* [WHAT TO WORK ON]
Output nothing but the lines from the beginning of the listing below through the line containing "地址:常州市新北區友邦商務大廈1幢16、17層  電話:0519-85101652  傳真:0519-85112595", exactly as they stand, without pictures.

* [DATA BELOW]
####

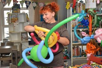 In der Stadtbücherei wurde neben dem üblichen Angebot ein buntes Aktionsprogramm für Klein und Groß geboten: Bei Kamishibai und Bilderbuchkino wurden spannende Geschichten erzählt, beim Glücksrad tolle Preise verlost und in der Onleihe-Sprechstunde alle Fragen rund um die Online-Dienste der Bücherei beantwortet. Luftballon-Künstlerin Nicole verzauberte besonders die Jüngeren mit ihrem kreativen Talent.
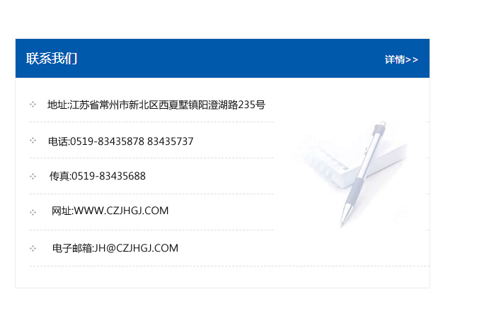 地址:常州市新北區友邦商務大廈1幢16、17層  電話:0519-85101652  傳真:0519-85112595  郵編:213022  網址:www_cz-jiayue_cn.chinayinshi.com  郵箱:xiajifengaa@163.com
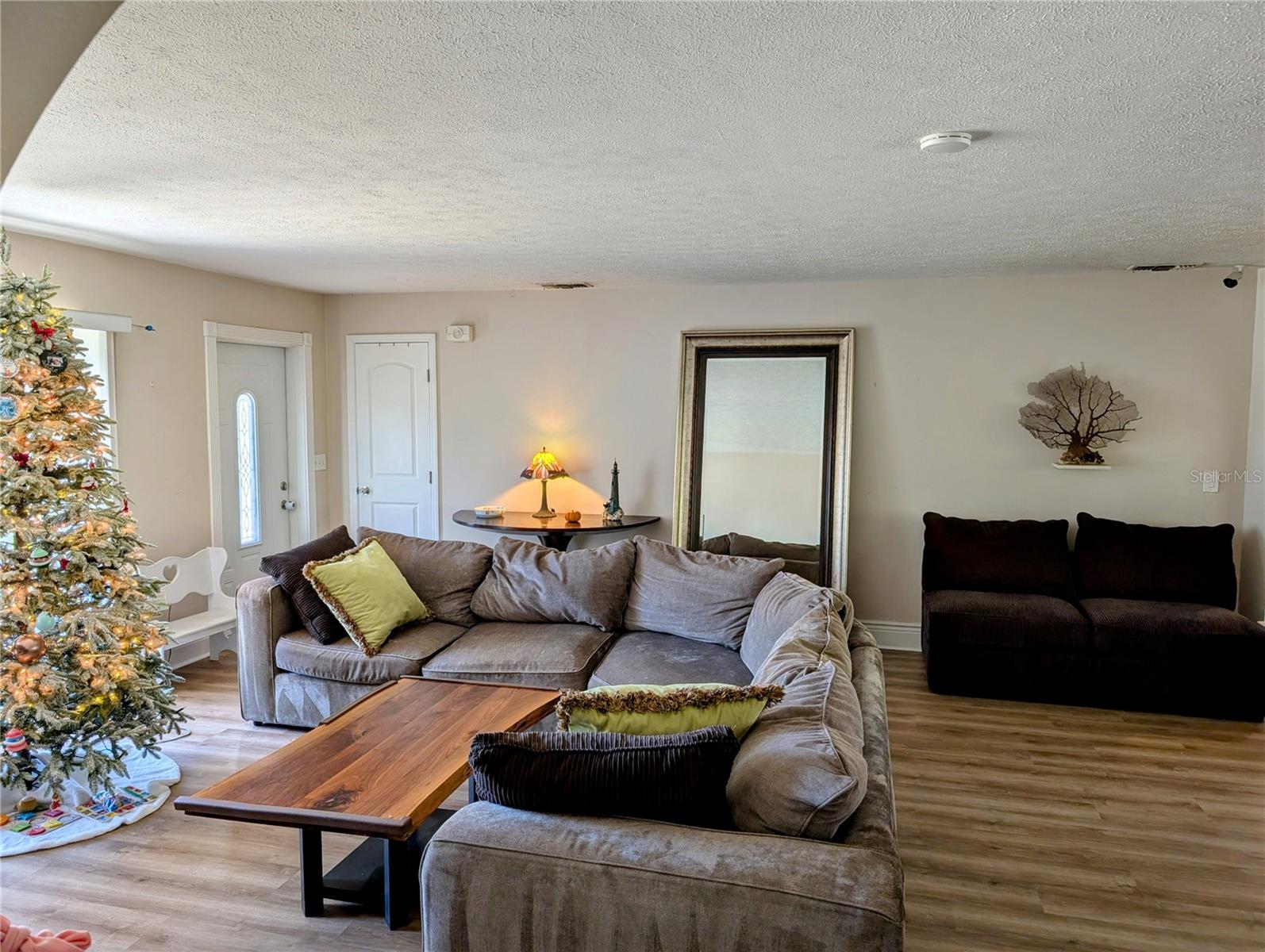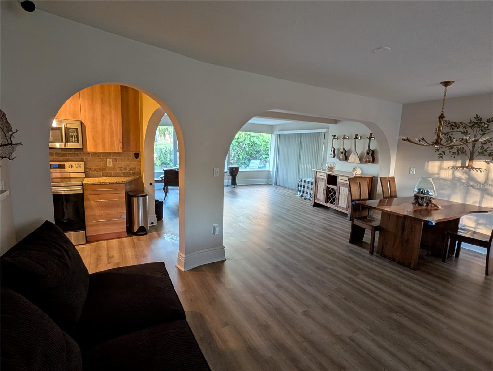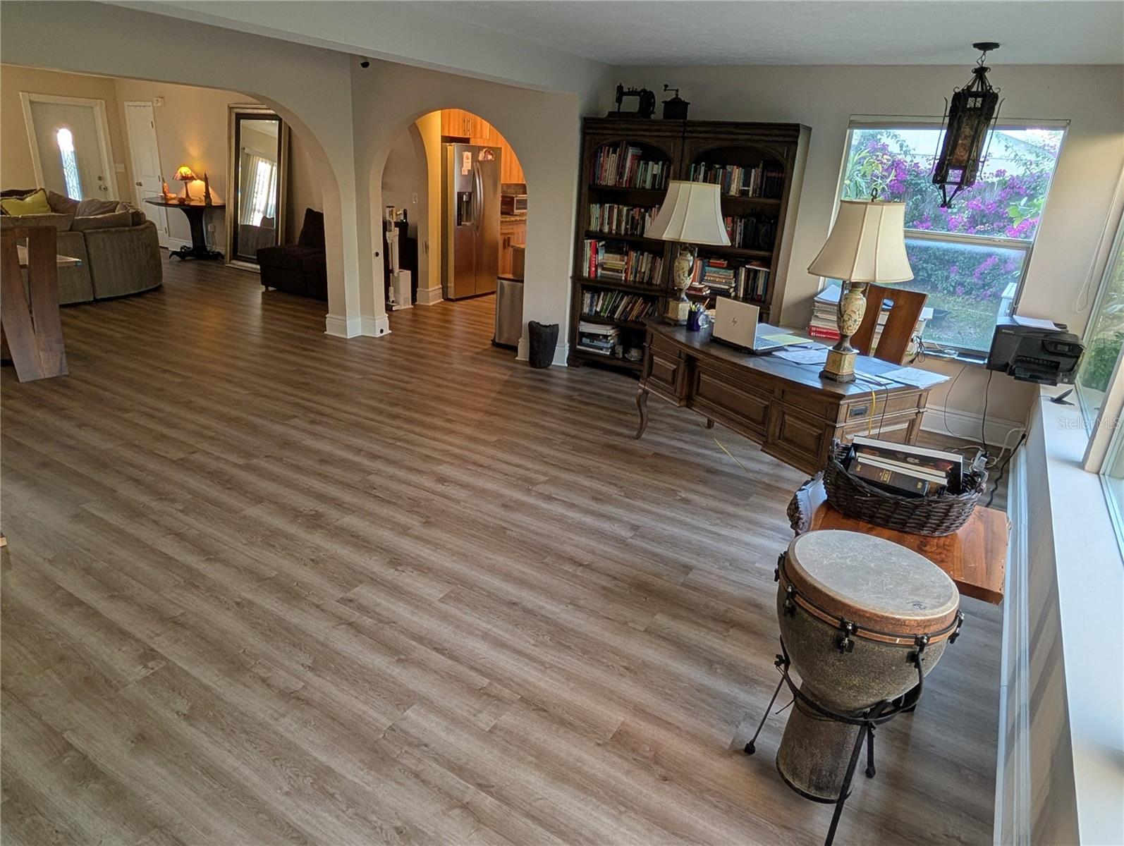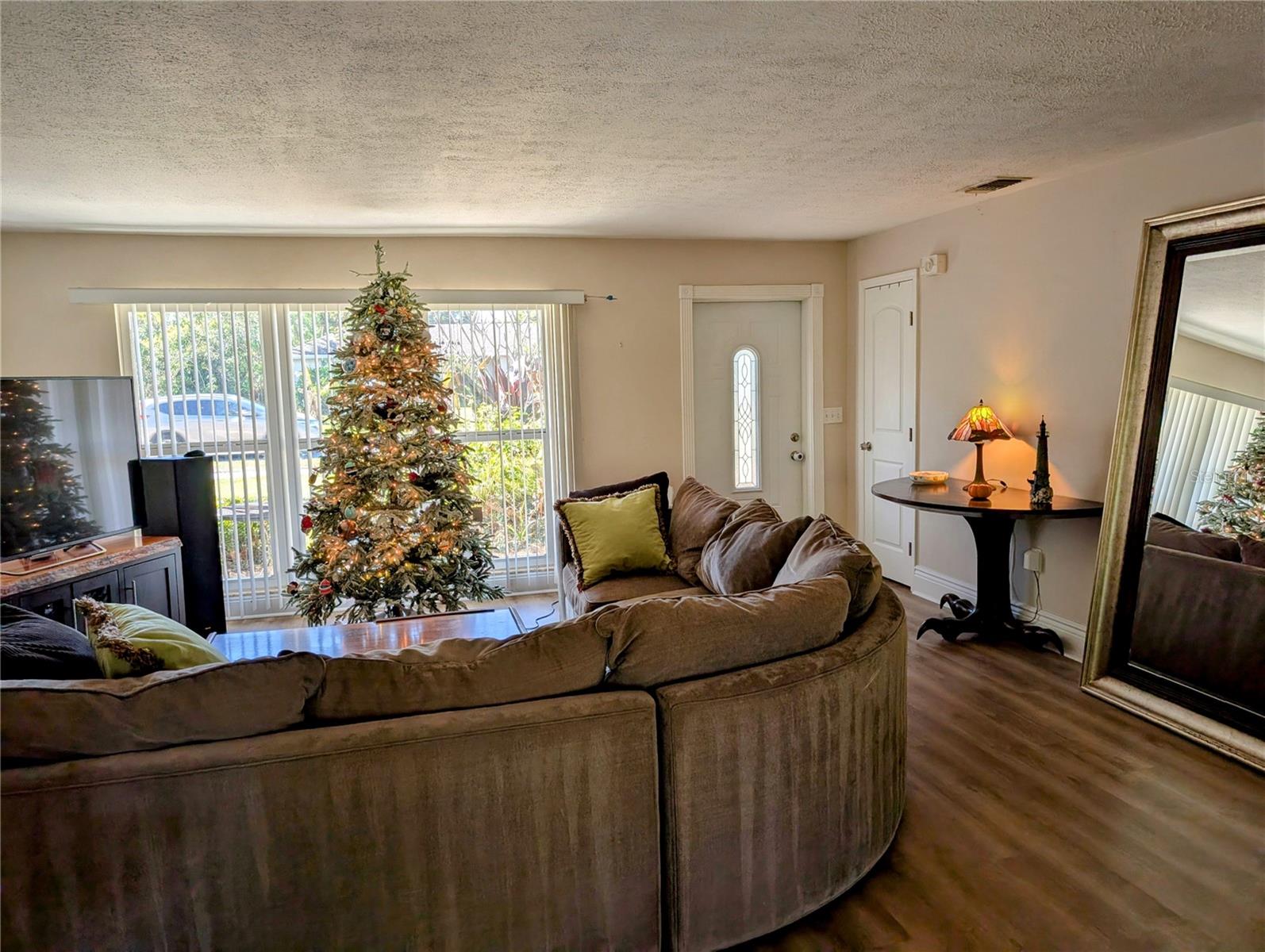 Beautiful lakefront home with old Florida charm that INCLUDES AN ISLAND!!!! Experience old Florida living at its finest! This 2 bedroom, 2 bath, 1.5 car garage, 1474 sq. ft. home exudes old Florida charm. The owner is a gardener and the backyard is filled with rare and exotic tropical plants and palms. The house is on County water, but there is also a well out back that is perfect for watering the plants and filling the goldfish pond (with waterfall). No more expensive water bills for irrigation! The back of the home is all windows. It has 4 large (approx. 5’ x 6’) windows and a sliding glass door that look out to the lake and backyard. The deed for this house extends to the lakefront (one of only two homes on San Jose Drive where the property line extends to the lake shore) and the property deed includes an “island” that sits about 20 feet into the lake. The lake is excellent for fishing and the owner will also include, with the purchase of the home, two kayaks. In the backyard is an approx. 6’ high traditional Tiki statute carved by a Tampa artist, from the trunk of a silk oak that once stood on the property. The home has never flooded and withstood the recent two storms with no issues. It is all cinder block construction, which is great for Florida storms. This home has been very well cared for and updated. It has new COREtec luxury vinyl flooring (installed 3 months ago), a 50-gallon Rheem water heater (installed in 2023), Lennox Elite AC, and upgraded appliances, including an LG washer and dryer (the LG washer sits atop an LG Sidekick which is a standalone washer, perfect for small loads and delicate items). The carpeting in the bedrooms was installed about a year ago and is in great shape. (Lights in great room do not convey) The Desoto Lakes location is excellent!!! The home is about 5 minutes from the University Town CenterUTC Mall,, 12 minutes from downtown Sarasota, and about 17 minutes from St. Armands, Lido, and the beaches. No HOA or deed restrictions! This is a rare beauty and this home will sell fast!!!

####

* [WRITTEN ANSWER]
 In der Stadtbücherei wurde neben dem üblichen Angebot ein buntes Aktionsprogramm für Klein und Groß geboten: Bei Kamishibai und Bilderbuchkino wurden spannende Geschichten erzählt, beim Glücksrad tolle Preise verlost und in der Onleihe-Sprechstunde alle Fragen rund um die Online-Dienste der Bücherei beantwortet. Luftballon-Künstlerin Nicole verzauberte besonders die Jüngeren mit ihrem kreativen Talent.
 地址:常州市新北區友邦商務大廈1幢16、17層  電話:0519-85101652  傳真:0519-85112595  郵編:213022  網址:www_cz-jiayue_cn.chinayinshi.com  郵箱:xiajifengaa@163.com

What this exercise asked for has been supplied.